◆ EXERCISE MATERIAL
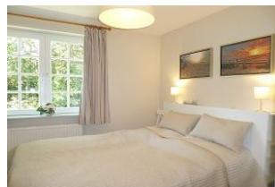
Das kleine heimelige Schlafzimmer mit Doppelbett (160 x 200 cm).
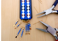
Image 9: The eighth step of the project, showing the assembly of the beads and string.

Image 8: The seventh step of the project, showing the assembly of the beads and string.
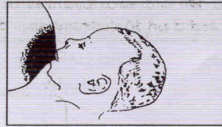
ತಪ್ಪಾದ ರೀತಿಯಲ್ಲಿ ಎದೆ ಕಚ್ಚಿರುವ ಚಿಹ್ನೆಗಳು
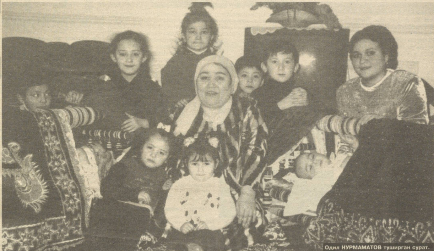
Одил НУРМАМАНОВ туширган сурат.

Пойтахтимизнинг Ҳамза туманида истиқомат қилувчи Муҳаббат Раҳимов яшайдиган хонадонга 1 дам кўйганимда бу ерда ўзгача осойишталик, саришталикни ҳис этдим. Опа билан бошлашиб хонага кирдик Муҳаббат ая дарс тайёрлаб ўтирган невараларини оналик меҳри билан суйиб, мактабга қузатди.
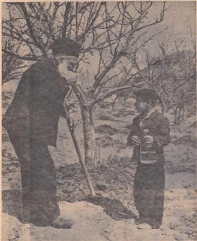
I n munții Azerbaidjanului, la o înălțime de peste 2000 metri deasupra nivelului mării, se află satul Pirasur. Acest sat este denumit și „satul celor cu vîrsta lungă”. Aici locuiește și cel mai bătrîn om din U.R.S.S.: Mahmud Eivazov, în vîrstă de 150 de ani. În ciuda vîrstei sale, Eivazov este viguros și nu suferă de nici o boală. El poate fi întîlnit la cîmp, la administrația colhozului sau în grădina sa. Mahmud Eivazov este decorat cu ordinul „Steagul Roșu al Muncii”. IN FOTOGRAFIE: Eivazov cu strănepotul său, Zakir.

--

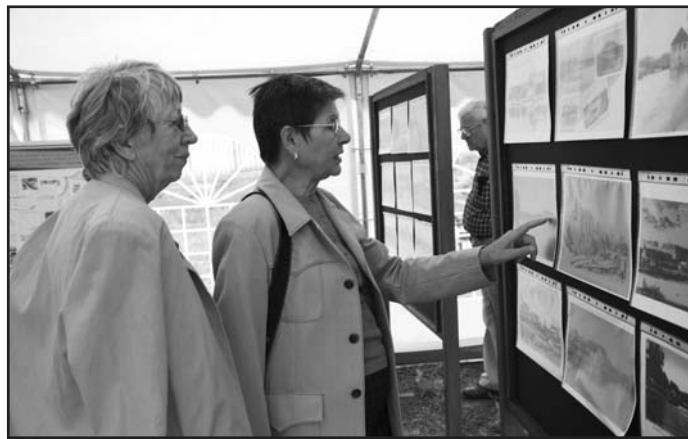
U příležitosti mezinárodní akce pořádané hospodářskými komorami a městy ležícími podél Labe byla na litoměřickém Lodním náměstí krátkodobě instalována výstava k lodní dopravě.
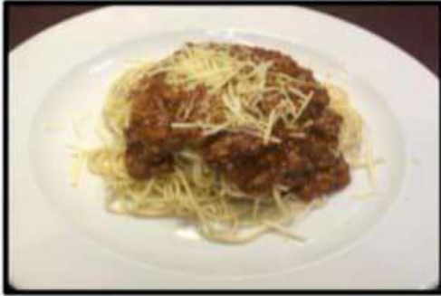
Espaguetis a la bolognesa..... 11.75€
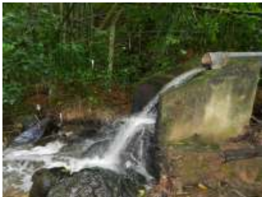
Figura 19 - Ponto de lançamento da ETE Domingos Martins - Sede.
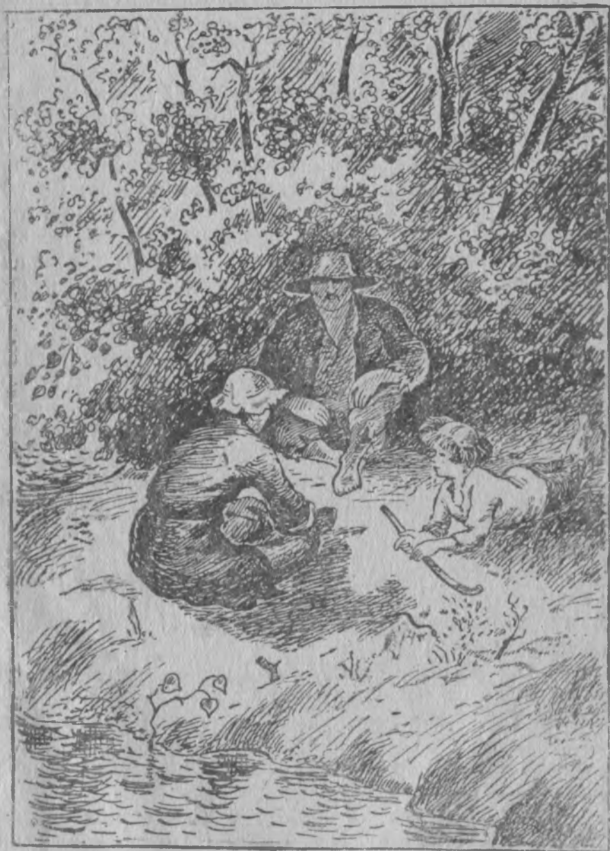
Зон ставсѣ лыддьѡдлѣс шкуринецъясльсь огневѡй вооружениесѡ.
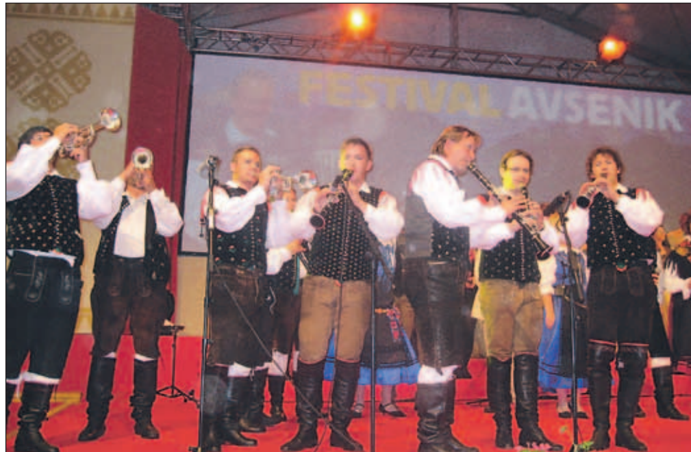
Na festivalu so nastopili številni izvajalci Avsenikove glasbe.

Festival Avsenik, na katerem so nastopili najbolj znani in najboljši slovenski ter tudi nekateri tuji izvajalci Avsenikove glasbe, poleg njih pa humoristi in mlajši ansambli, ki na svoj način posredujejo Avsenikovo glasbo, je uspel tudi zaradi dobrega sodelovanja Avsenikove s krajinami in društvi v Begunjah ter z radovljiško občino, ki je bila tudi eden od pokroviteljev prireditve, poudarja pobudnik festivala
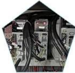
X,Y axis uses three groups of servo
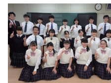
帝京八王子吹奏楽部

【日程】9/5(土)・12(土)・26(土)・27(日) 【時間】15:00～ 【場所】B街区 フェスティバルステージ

◆ INSTRUCTIONS FOR THE TASK
Within the listing above, the lines from the one with "Das kleine heimelige" through the one with "Одил НУРМАМАНОВ туширган сурат." are to be given again word for word. Do not include pictures.

◆ EXERCISE ANSWER
Das kleine heimelige Schlafzimmer mit Doppelbett (160 x 200 cm).
Image 9: The eighth step of the project, showing the assembly of the beads and string.

Image 8: The seventh step of the project, showing the assembly of the beads and string.
ತಪ್ಪಾದ ರೀತಿಯಲ್ಲಿ ಎದೆ ಕಚ್ಚಿರುವ ಚಿಹ್ನೆಗಳು
Одил НУРМАМАНОВ туширган сурат.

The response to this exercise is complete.